### What is being asked
Would you retype the listing below word for word, without any of its pictures?

### Source data
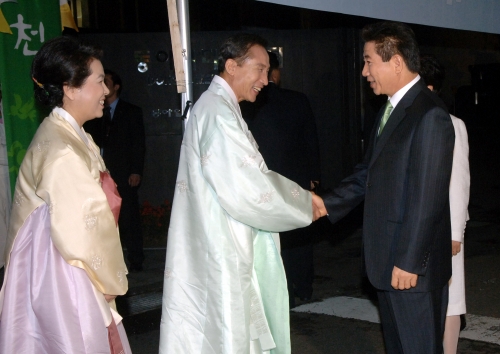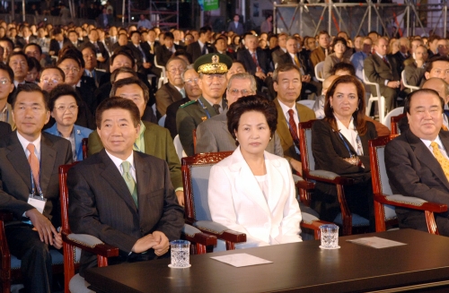 참석자 : 노무현 대통령, 이명박 서울시장, 권양숙 영부인 노무현 대통령이 청계천 새물맞이 통수식에 참석했다.
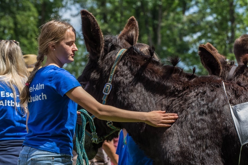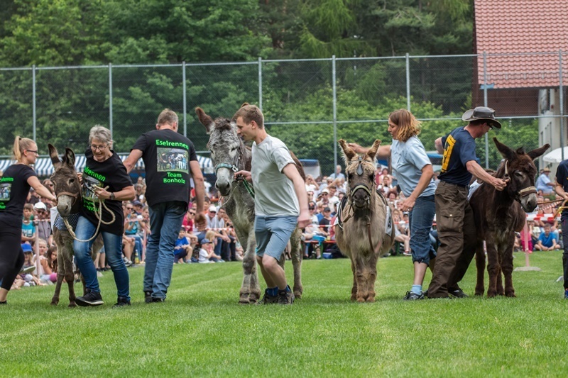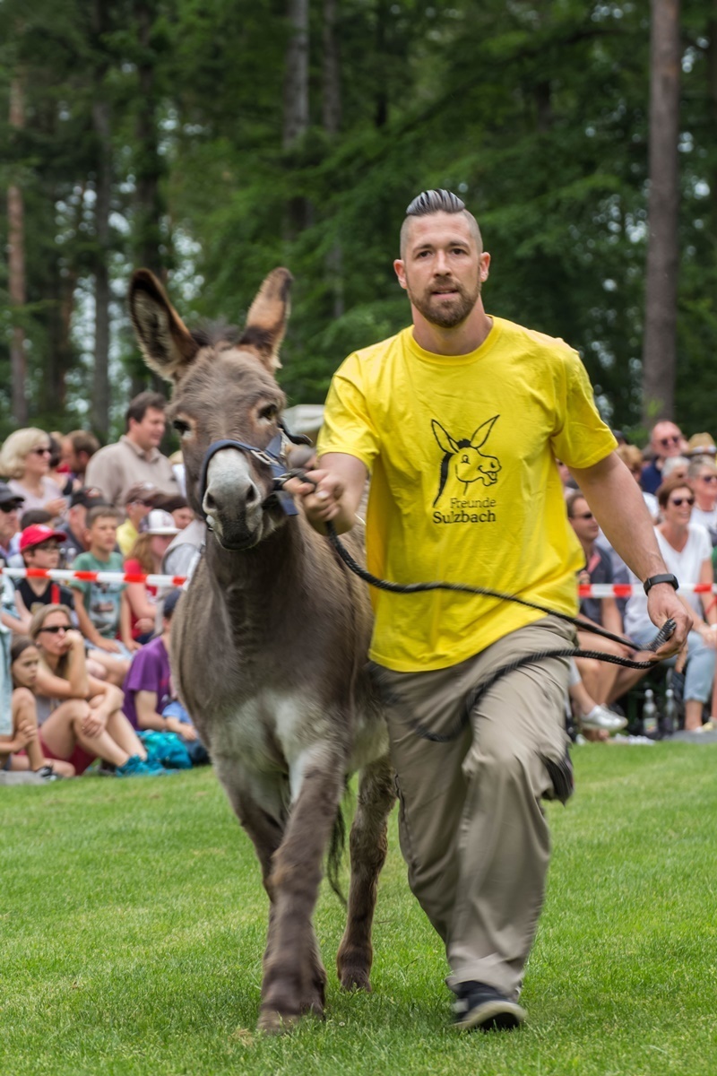 Oder streckt der Esel Benjamin sein Köpfchen etwa den vielen Hobby-Fotografen entgegen? „Er ist halt fotogen“, verrät Eselhalter Arno Speckmaier. Zum vierten Mal steht der Hausesel mit seinem weißen Bauch, heller Schnauze und 25 Lenzen auf dem Buckel ganz scherrig im Starterfeld. „Der will raus, der will mitmachen“, sagt Arno Speckmaier. „Seine Mädels müsste man überreden, aber er bewegt sich gern.“ Esel Benjamin lebt zusammen mit drei Eseldamen in der Tieroase der Laufenmühle bei Welzheim – in einer Werkstatt für behinderte Menschen. „Das Eselrennen ist für unsere Bewohner ein Riesenevent“, meint Arno Speckmaier.
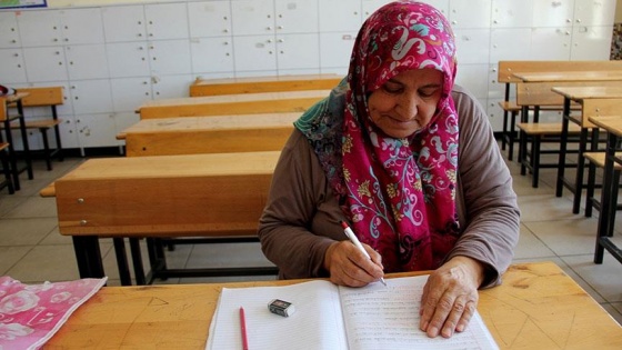 Konya Seydişehir'de yaşayan Remziye Bilen (70), İlçe Halk Eğitim Merkezi'nde açılan kursta okuma yazmayı öğrendikten sonra şimdi de aynı merkezde açılan ortaokula başladı.
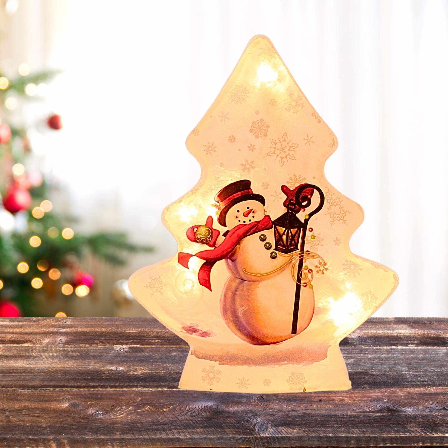 Stony Creek 8.5 Inch Jolly Snowman Christmas Tree Christmas Lighted Glass Accent , Snow Electric Winter
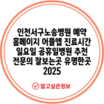 인천서구노송병원 예약 홈페이지 어플앱 진료시간 일요일 공휴일병원 추천 전문의 잘보는곳 유명한곳 2025
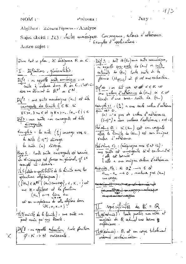 Cette leçon permet souvent aux candidats de s’exprimer. Il ne faut pas négliger les suites de nombres complexes. Le théorème de Bolzano-Weierstrass doit être cité et le candidat doit être capable d’en donner une démonstration. On attend des candidats qu’ils parlent des limites inférieure et supérieure d’une suite réelle bornée, et qu’ils en maîtrisent le concept. Les procédés de sommation peuvent être éventuellement évoqués mais le théorème de Cesàro doit être mentionné et sa preuve maîtrisée par tout candidat à l’agrégation. Les résultats autour des sous-groupes additifs de R permettent d’exhiber des suites denses remarquables et l’ensemble constitue un joli thème.

### Answer to this problem
 참석자 : 노무현 대통령, 이명박 서울시장, 권양숙 영부인 노무현 대통령이 청계천 새물맞이 통수식에 참석했다.
 Oder streckt der Esel Benjamin sein Köpfchen etwa den vielen Hobby-Fotografen entgegen? „Er ist halt fotogen“, verrät Eselhalter Arno Speckmaier. Zum vierten Mal steht der Hausesel mit seinem weißen Bauch, heller Schnauze und 25 Lenzen auf dem Buckel ganz scherrig im Starterfeld. „Der will raus, der will mitmachen“, sagt Arno Speckmaier. „Seine Mädels müsste man überreden, aber er bewegt sich gern.“ Esel Benjamin lebt zusammen mit drei Eseldamen in der Tieroase der Laufenmühle bei Welzheim – in einer Werkstatt für behinderte Menschen. „Das Eselrennen ist für unsere Bewohner ein Riesenevent“, meint Arno Speckmaier.
 Konya Seydişehir'de yaşayan Remziye Bilen (70), İlçe Halk Eğitim Merkezi'nde açılan kursta okuma yazmayı öğrendikten sonra şimdi de aynı merkezde açılan ortaokula başladı.
 Stony Creek 8.5 Inch Jolly Snowman Christmas Tree Christmas Lighted Glass Accent , Snow Electric Winter
 인천서구노송병원 예약 홈페이지 어플앱 진료시간 일요일 공휴일병원 추천 전문의 잘보는곳 유명한곳 2025
 Cette leçon permet souvent aux candidats de s’exprimer. Il ne faut pas négliger les suites de nombres complexes. Le théorème de Bolzano-Weierstrass doit être cité et le candidat doit être capable d’en donner une démonstration. On attend des candidats qu’ils parlent des limites inférieure et supérieure d’une suite réelle bornée, et qu’ils en maîtrisent le concept. Les procédés de sommation peuvent être éventuellement évoqués mais le théorème de Cesàro doit être mentionné et sa preuve maîtrisée par tout candidat à l’agrégation. Les résultats autour des sous-groupes additifs de R permettent d’exhiber des suites denses remarquables et l’ensemble constitue un joli thème.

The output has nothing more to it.